Aprovechamos la sobresaliente Nota de Economía N°20 del ITE-Fundación Germán Abdala, publicada esta semana y disponible en la web, “El fetichismo del tipo de cambio”, un trabajo del economista Leandro M. Ottone, como excusa para tratar nuevamente uno de los grandes mitos de la corriente principal de la economía. Sin inhibirnos por la repetición -el adversario repite desde hace siglos- insistimos en que este mainstream funciona como un discurso de legitimación de un determinado orden social. Su objetivo es “vender” una determinada distribución del ingreso. Citando a Mauricio Macri, de lo que se trata es de convencer a la población de que la actual distribución regresiva en contra de los trabajadores es “el único camino posible”, que ¡no hay otro! El discurso único ataca de nuevo. La tarea de la corriente principal, entonces, consiste en lograr que esta afirmación no aparezca como producto de la subjetividad o de intereses particulares, sino como el resultado mismo de la ciencia.
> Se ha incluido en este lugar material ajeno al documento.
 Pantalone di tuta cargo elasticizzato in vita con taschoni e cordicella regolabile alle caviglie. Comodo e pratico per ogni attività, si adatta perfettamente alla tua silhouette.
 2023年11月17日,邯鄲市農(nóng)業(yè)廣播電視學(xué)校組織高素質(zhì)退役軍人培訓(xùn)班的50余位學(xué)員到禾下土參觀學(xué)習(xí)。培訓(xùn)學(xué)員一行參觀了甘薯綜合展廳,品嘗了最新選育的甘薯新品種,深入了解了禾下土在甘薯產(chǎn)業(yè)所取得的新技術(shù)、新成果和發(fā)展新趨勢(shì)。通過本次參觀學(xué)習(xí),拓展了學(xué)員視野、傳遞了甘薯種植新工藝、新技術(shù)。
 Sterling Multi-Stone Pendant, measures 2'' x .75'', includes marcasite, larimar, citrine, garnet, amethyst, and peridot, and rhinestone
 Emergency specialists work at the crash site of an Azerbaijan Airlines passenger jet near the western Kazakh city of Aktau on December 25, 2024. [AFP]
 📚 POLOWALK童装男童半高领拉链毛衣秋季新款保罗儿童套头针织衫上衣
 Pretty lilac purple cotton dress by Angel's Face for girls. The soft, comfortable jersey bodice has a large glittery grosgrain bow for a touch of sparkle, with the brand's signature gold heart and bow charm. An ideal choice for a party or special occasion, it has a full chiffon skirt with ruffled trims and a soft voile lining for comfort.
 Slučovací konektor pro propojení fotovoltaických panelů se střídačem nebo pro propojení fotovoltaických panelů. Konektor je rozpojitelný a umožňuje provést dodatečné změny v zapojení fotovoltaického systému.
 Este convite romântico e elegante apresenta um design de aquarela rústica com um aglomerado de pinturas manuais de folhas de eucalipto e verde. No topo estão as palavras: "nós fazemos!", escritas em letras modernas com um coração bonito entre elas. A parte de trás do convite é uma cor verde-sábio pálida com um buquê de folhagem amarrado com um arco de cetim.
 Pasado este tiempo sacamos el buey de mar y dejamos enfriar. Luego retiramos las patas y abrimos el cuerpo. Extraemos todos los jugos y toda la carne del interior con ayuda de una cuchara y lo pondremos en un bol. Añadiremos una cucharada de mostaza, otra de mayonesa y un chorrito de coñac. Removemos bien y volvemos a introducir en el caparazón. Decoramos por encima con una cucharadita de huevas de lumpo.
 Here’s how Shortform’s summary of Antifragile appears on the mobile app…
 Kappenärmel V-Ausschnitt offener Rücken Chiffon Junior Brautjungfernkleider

En esta tarea discursiva el adversario teórico lleva una amplia delantera. Cuenta con la ventaja de haber machacado desde siempre sobre la conciencia colectiva. Años de “Tiempo Nuevo”, de “Hora Clave”, de “Periodismo Para Todos”, de cientos de miles de horas de radio con el desfile de los economistas pagados por el poder económico repitiendo su discurso. Los resultados están a la vista. La insistencia publicitaria logró, por ejemplo, que la población no especializada asuma algunos de sus axiomas económicos como si fuesen verdades indiscutibles. Y más todavía, como si fuesen parte indisoluble del “sentido común”. ¿Puede haber un éxito político-comunicacional mayor que transformar en sentido común el discurso que se quiere transmitir? Quizá los dos axiomas más potentes reducidos a sentido común sean dos: que la inflación es un fenómeno puramente monetario, axioma 1, y que “una devaluación de la moneda provoca un aumento de las exportaciones”, axioma 2.

Hoy interesa el axioma 2 no por capricho, sino porque es uno de los supuestos básicos para que funcione el programa financiero 2019, un programa que a la vez tiene sus raíces ideológicas, perdón, su “sustento teórico”, en los programas tradicionales del FMI.

Repasando a la velocidad de la luz: a comienzos de 2016 la economía heredada por el macrismo tenía un problema de escasez de divisas o restricción externa que debía ser resuelto y que, junto con el cambio de las condiciones globales a partir de la crisis financiera estadounidense de 2008-09, ya había provocado un freno relativo del crecimiento del PIB durante el segundo mandato de CFK. La tarea del nuevo gobierno era surfear la restricción y para ello recurrió al segundo componente de la herencia, el desendeudamiento. Cambiemos creyó que su sola presencia, con “el cambio de las reglas del juego y el regreso al mundo” provocarían un shock inversor y que en la transición, para resolver el problema externo sólo bastaba con tomar deuda. Mientras tanto se suponía que las inversiones madurarían, la economía crecería y, al final del camino, se estabilizaría la relación deuda/PIB. Tomar deuda en dólares, repetían sus economistas y operadores mediáticos, “no es un problema, sino una oportunidad”.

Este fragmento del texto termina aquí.